Agro-industrial residues and starch for growth and co-production of polyhydroxyalkanoate copolymer and α-amylase by Bacillus sp. CFR-67.

Polyhydroxyalkanoates (PHA) and α-amylase (α-1,4 glucan-4-glucanohydrolase, E.C. 3.2.1.1) were co-produced by Bacillus sp. CFR-67 using unhydrolysed corn starch as a substrate. Bacterial growth and polymer production were enhanced with the supplementation of hydrolysates of wheat bran (WBH) or rice bran (RBH) individually or in combination (5-20 g L(-1), based on weight of soluble substrates-SS). In batch cultivation, a mixture of WBH and RBH (1:1, 10 g L(-1) of SS) along with ammonium acetate (1.75 g L(-1)) and corn starch (30 g L(-1)) produced maximum quantity of biomass (10 g L(-1)) and PHA (5.9 g L(-1)). The polymer thus produced was a copolymer of polyhydroxybutyrate-co-hydroxyvalerate of 95:5 to 90:10 mol%. Presence of WBH and corn starch (10-50 g L(-1)) in the medium enhanced fermentative yield of α-amylase (2-40 U mL(-1) min(-1)). The enzyme was active in a wide range of pH (4-9) and temperature (40-60°C). This is the first report on simultaneous production of copolymer of bacterial PHA and α-amylase from unhydrolysed corn starch and agro-industrial residues as substrates.

INTRODUCTION

Polyhydroxyalkanoate (PHA), an intracellular carbon reserve of the bacterial cell has gained worldwide attention as biodegradable thermoplastic (16). Various bacteria commonly produce polyhydroxybutyrate (PHB), however, this polymer is crystalline and brittle. The copolymer of poly(hydroxybutyrate-co-hydroxyvalerate) [P(HB-co-HV)] and other copolymers have better mechanical properties and hence are useful for various applications (1). Copolymer production depends on the carbon substrate provided for fermentation and the type of PHA-synthesis genes present in the bacterium. For sustained commercialization it is essential to explore economic substrates for bacterial growth and copolymer production (1). With this in view, a few agro-industrial residues such as hydrolysed wheat bran, extruded rice bran, oil seed cakes and potato starch are employed as carbon substrates for the synthesis of bacterial PHA (13, 24, 37).

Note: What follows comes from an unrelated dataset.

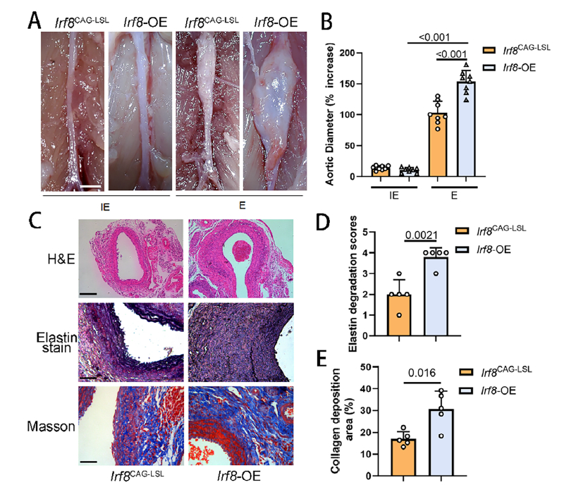 - Irf8-OE mice: exhibited aggravated AAA dilation, extensive elastin fragmentation, increased collagen deposition and pronounced inflammatory infiltration (Fig. 2A–E).

Application of agro-industrial residues for bioprocesses, such as enzyme production is known to yield higher titers of the product. Invariably enzymes such as α-amylase, β-amylase, glucoamylase, proteases and lipases of microbial origin are produced using wheat bran, rice barn, oil seed cakes and other agro-residues as substrates in submerged or solid state fermentations and these enzymes have several applications in different industries (5, 26, 33, 34). The α-amylase produced from bacteria has attained commercial significance and finds wide application in food, paper and textile industries. Most abundantly used bacterial amylase is derived from Bacillus spp. Combinations of groundnut oil seed cake and wheat bran have proved to be good substrates for the fermentative production of α-amylase by Bacillus amyloliquefaciens (7).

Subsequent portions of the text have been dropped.